**REQUIRED ACTION:** Skip the pictures. Give all the data again exactly.

**INFORMATION SUPPLIED:**
※ ※ ※

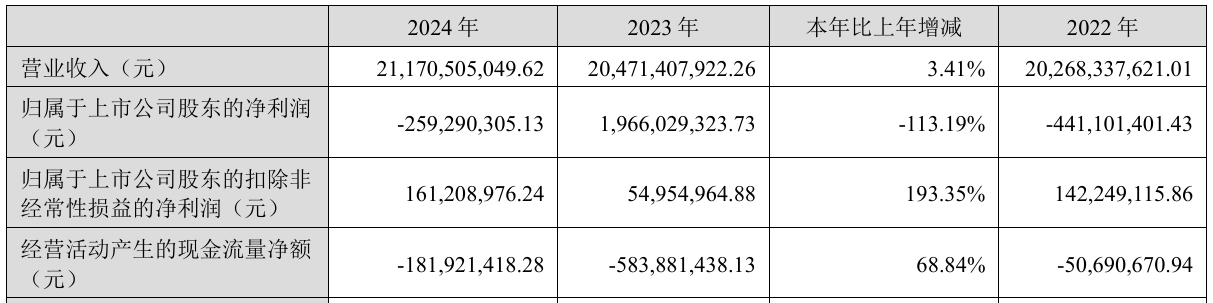 2024年,公司实现营业总收入211.71亿元,同比增长3.41%;归母净利润亏损2.59亿元,上年同期盈利19.66亿元。今年一季度,公司实现营业总收入47.59亿元,同比下降1.69%;归母净利润1.08亿元,同比扭亏。
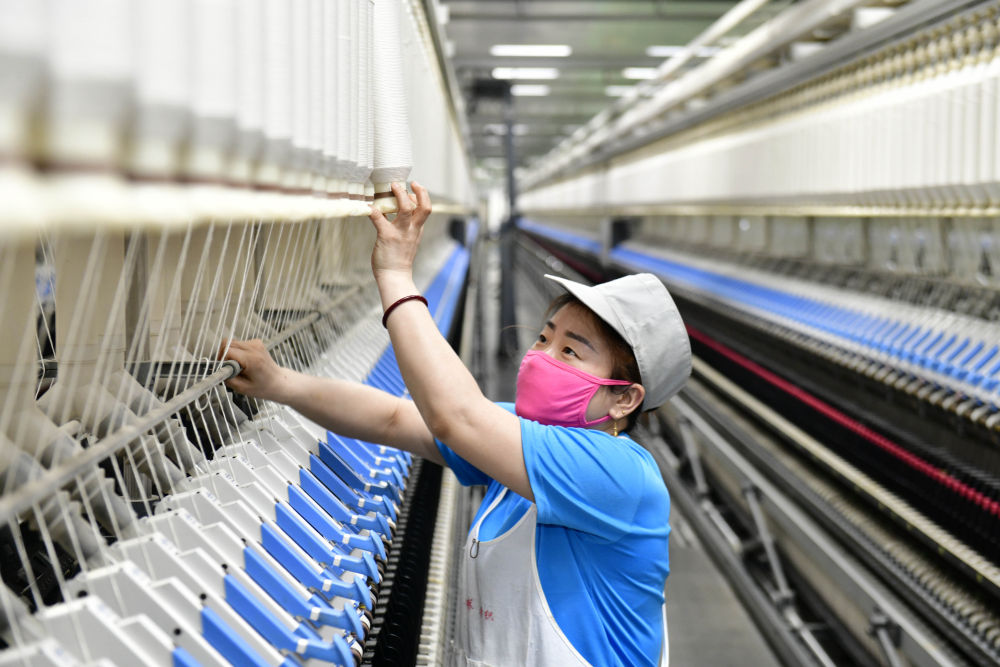 在山东魏桥纺织科技研发中心有限公司,工作人员在智能织机前忙碌。
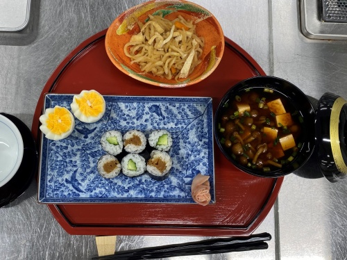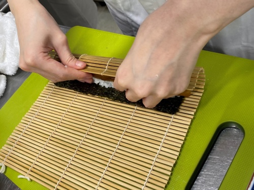 海苔からご飯がはみ出てしまったり、具が端に寄ってしまったりと苦戦していましたが、なんとか形にすることができていました。
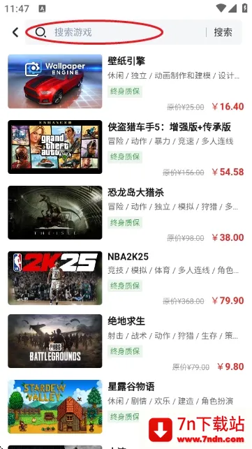2、点击顶部搜索框,输入您想查找的游戏名称,快速精准定位目标游戏。

※ ※ ※

**EXERCISE RESULT:**
 2024年,公司实现营业总收入211.71亿元,同比增长3.41%;归母净利润亏损2.59亿元,上年同期盈利19.66亿元。今年一季度,公司实现营业总收入47.59亿元,同比下降1.69%;归母净利润1.08亿元,同比扭亏。
 在山东魏桥纺织科技研发中心有限公司,工作人员在智能织机前忙碌。
 海苔からご飯がはみ出てしまったり、具が端に寄ってしまったりと苦戦していましたが、なんとか形にすることができていました。
2、点击顶部搜索框,输入您想查找的游戏名称,快速精准定位目标游戏。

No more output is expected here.